Beauty found in unusual representations of reality is the main theme of the Wunderkammer Visionnaire for Salone del Mobile 2014. To further reinforce the tie between Visionnaire and the world of art, the invited artists will feature with a dual site specific display, on the stand at the fair and in the Wunderkammer, designed to enhance the mood of the furniture collection, which this year is centred on the figure of the Dandy. A shadowy area with a Victoria Gothic atmosphere will be the setting for sculptures and highly imaginative works in ceramic, silicon, resin paints and precious materials.

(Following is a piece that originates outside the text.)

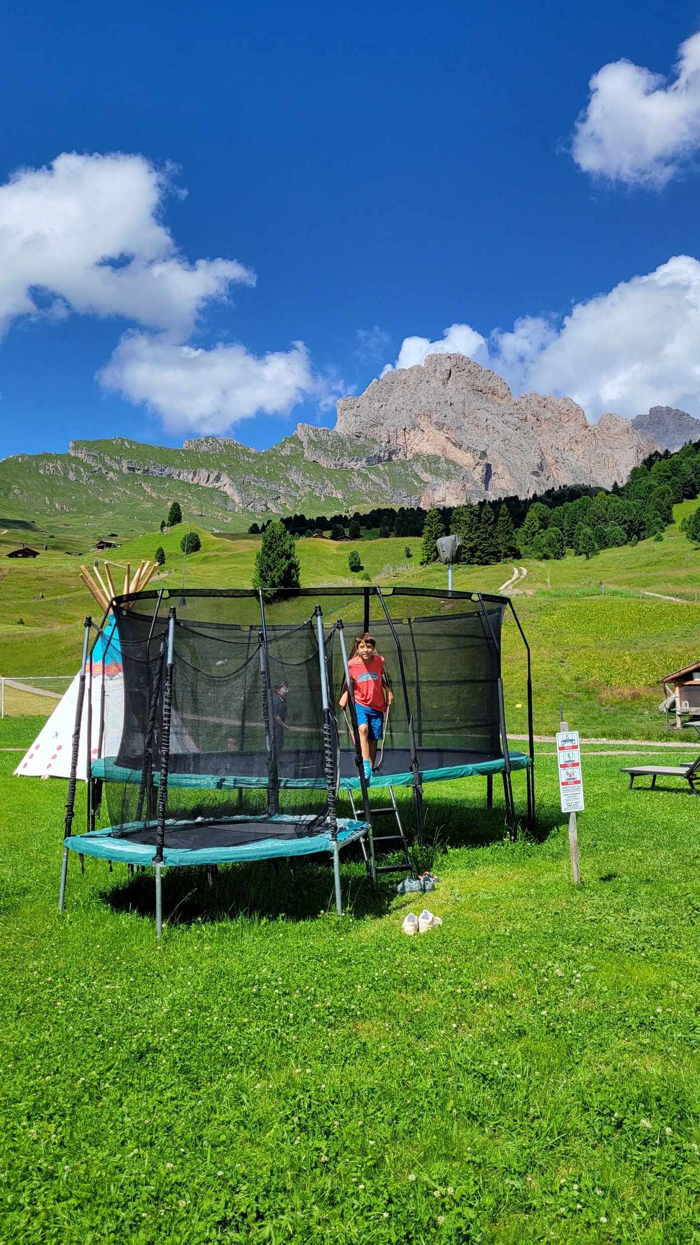 As we descended, we discovered something magical about this part of Italy: the mountain is scattered with family-owned restaurants that are so much more than just places to eat. Each one felt like its own little alpine playground. Trampolines. Parks. Streams to dip tired feet into. Ziplines. Swings. Lounge chairs. Games. It was heaven—for kids and adults alike.
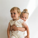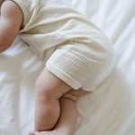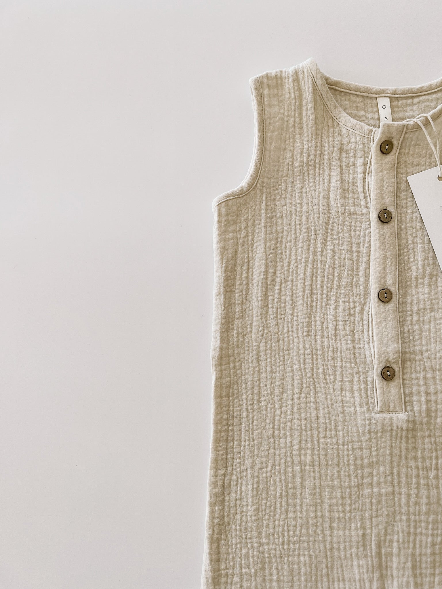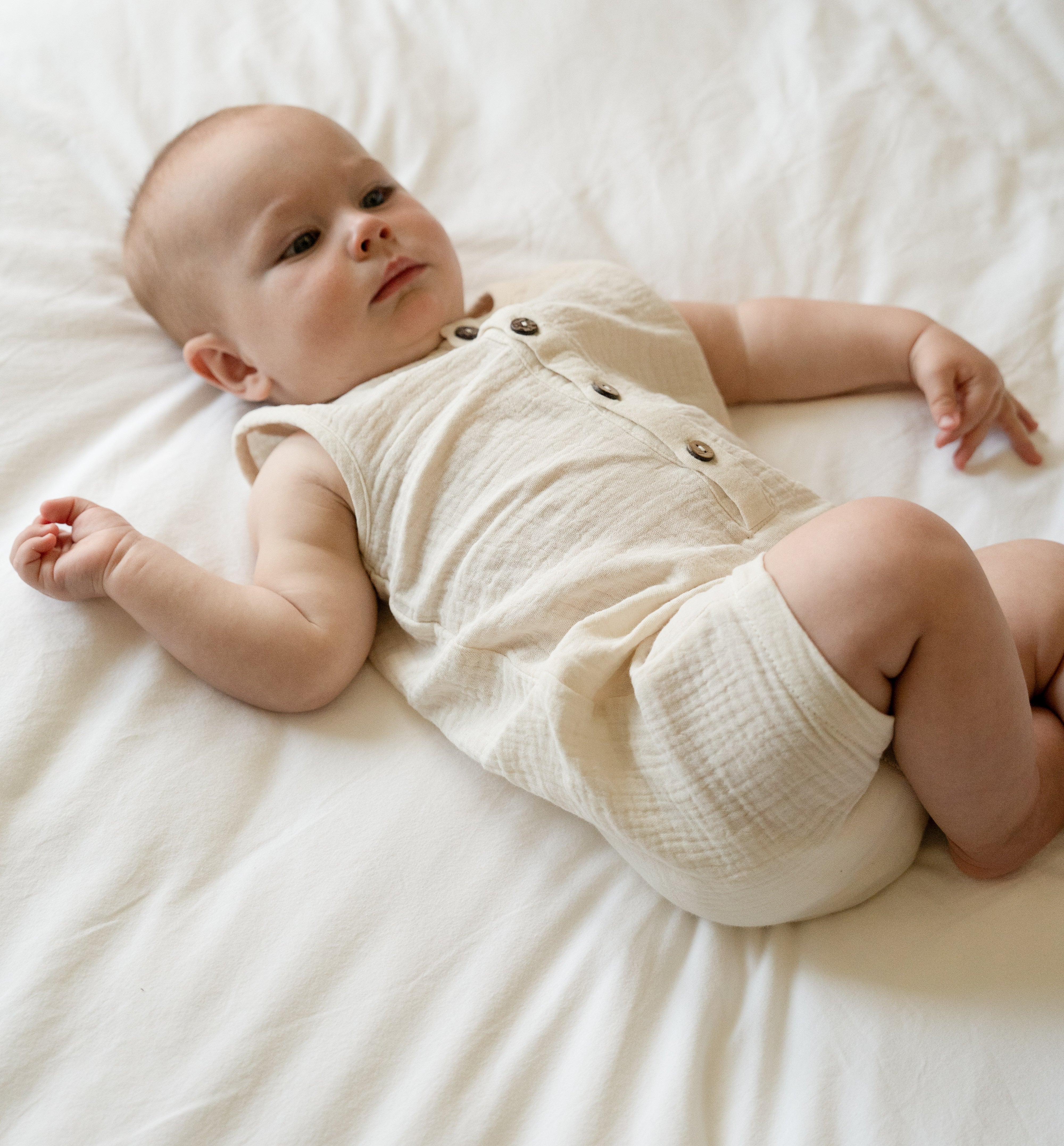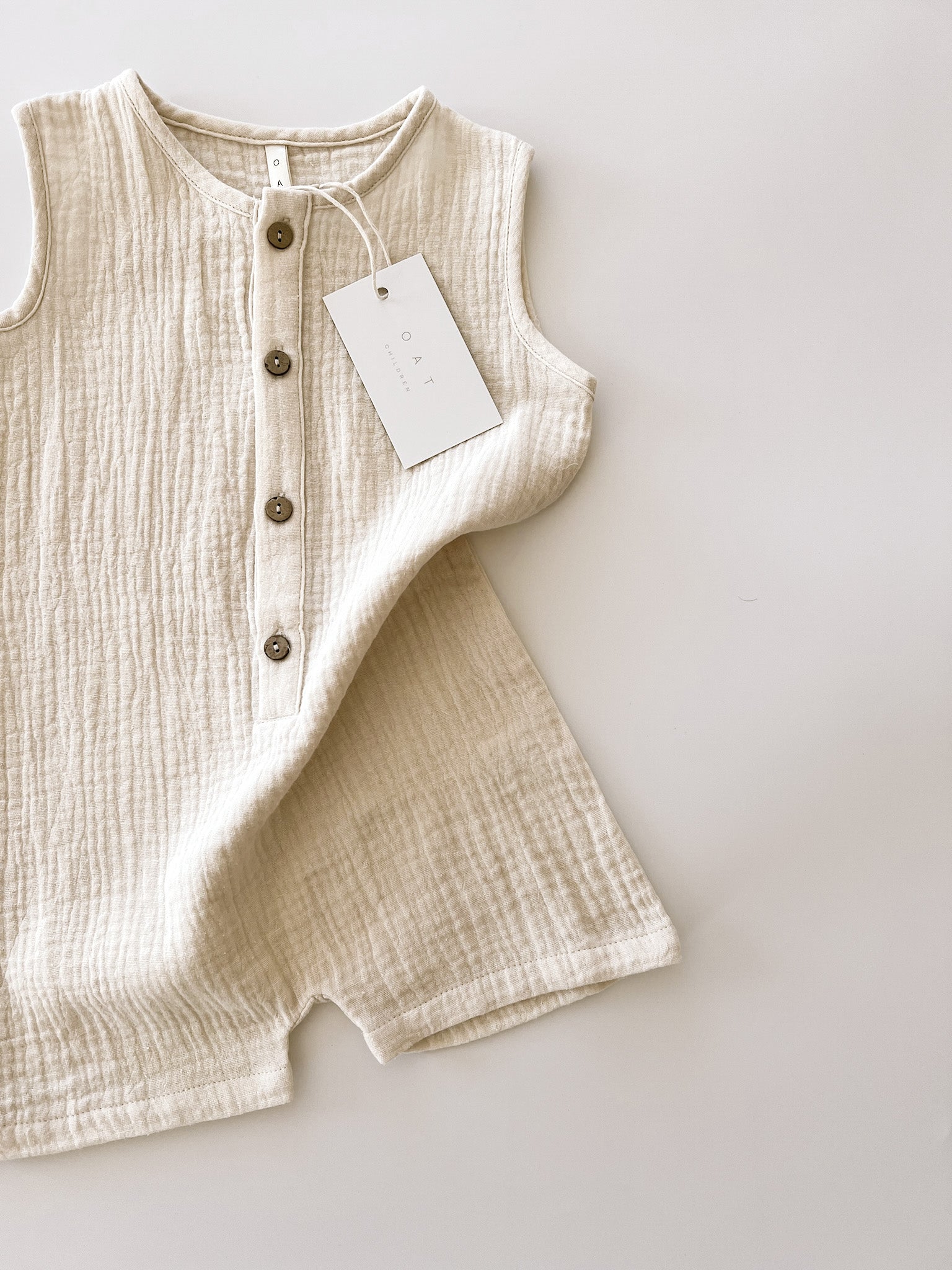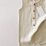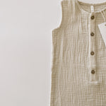 This muslin romper was made with your child’s comfort in mind. Whether running around in the warm sunshine or resting after a long day of play, this soft lightweight material will follow your child’s every move. Made of 100% muslin cotton, features wooden buttons down the front and provides truly effortless style.

Lost Beauty. Visionnaire Wunderkammer

Dreams, realism and hyperrealism meet and blend; beauty is not obvious but concealed behind the sometimes raw strength of the works. The new ceramic sculptures by Bertozzi & Casoni, ironic champions of a realism of the impossible, dialogue with Diego Scroppo’s magnificent, disquieting works, the results of a laborious process which combines state of the art prototyping techniques with slowly executed manual skill. Alessandro Brighetti’s kinetic alchemies that pursue the transmutations of an obscure, prodigious material; Rita Miranda’s creations, a mix of Raku wisdom, minimalist rigour and organic intimations; the reflections of the CaCO3 artistic collective on the formal aspects of mosaics and their re-working in the pursuit of new relations between light and material. Then there are Antonio Fiorini’s meticulous polaroid-format oil paintings, exquisite zoomorphic figures by Michele Astolfi, the ironic sensuality of Daniel Gonzalez’s works, Domenico Grenci’s fragmented, decadent women’s faces and the mise en scène created by Nina Surel to recount the changeable, mysterious world of women. A journey through creative interpretations that blur the lines between pure and applied arts. A hidden, unconventional beauty that the visionary Dandy traveller collects to unequivocally define the distance that sets him apart from the rest of the world.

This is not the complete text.